When a request is scheduled for the first time, `vATTNCacheEngine` calls the vattention memory allocator's `alloc_new_batch_idx` to get its batch index which determines the request's KV-cache offset within the virtual tensors.

- [base_worker.py](sarathi-lean/sarathi/worker/base_worker.py): Before the model forward pass, the worker calls

```sh
# asynchronous memory allocation
vattention.step_async(self.curr_seq_lens)
or
# synchronous memory allocation
vattention.step(self.curr_seq_lens)
```

which allocates physical memory pages for the active requests, based on their requirement.
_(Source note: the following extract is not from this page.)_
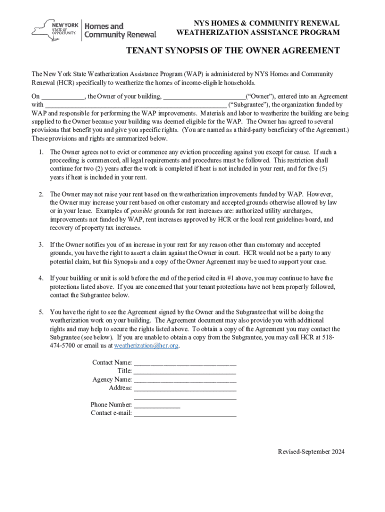 Get the free Nys Homes & Community Renewal Weatherization Assistance Program Tenant Synopsis of t...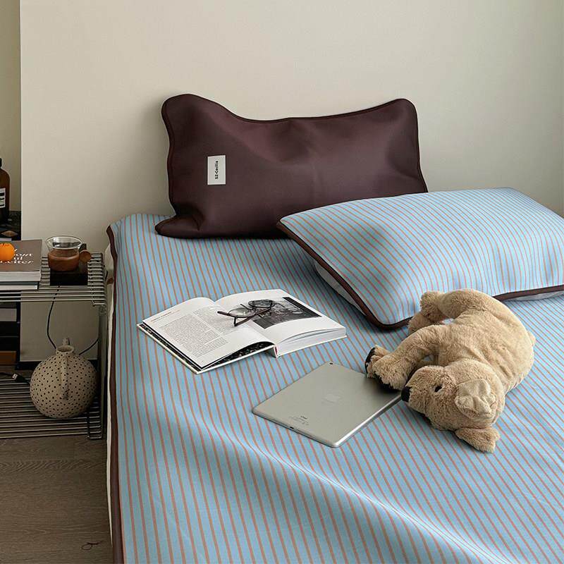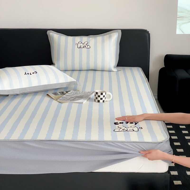 夏季高级条纹冰丝凉席三件套柔软凉感小清新可水洗空调席

After the forward pass, the worker calls

```sh
vattention.free_batch_idx(batch_idx)
```

on request ids which have been completed. vAttention can reclaim these pages as and when required.

And that is most of it.

## Citation

If you use our work, please consider citing our paper:

```
@misc{prabhu2024vattention,
title={vAttention: Dynamic Memory Management for Serving LLMs without PagedAttention},
author={Ramya Prabhu and Ajay Nayak and Jayashree Mohan and Ramachandran Ramjee and Ashish Panwar},
year={2024},
url={https://arxiv.org/abs/2405.04437},
}
```

## Acknowledgment

This repository originally started as a fork of [Sarathi-Serve](https://github.com/microsoft/sarathi-serve) which in turn is a fork of the [vLLM project](https://vllm-project.github.io/). vAttention and Sarathi-Serve are research prototypes and do not have complete feature parity with open-source vLLM. We have only retained the most critical features and adopted the codebase for faster research iterations.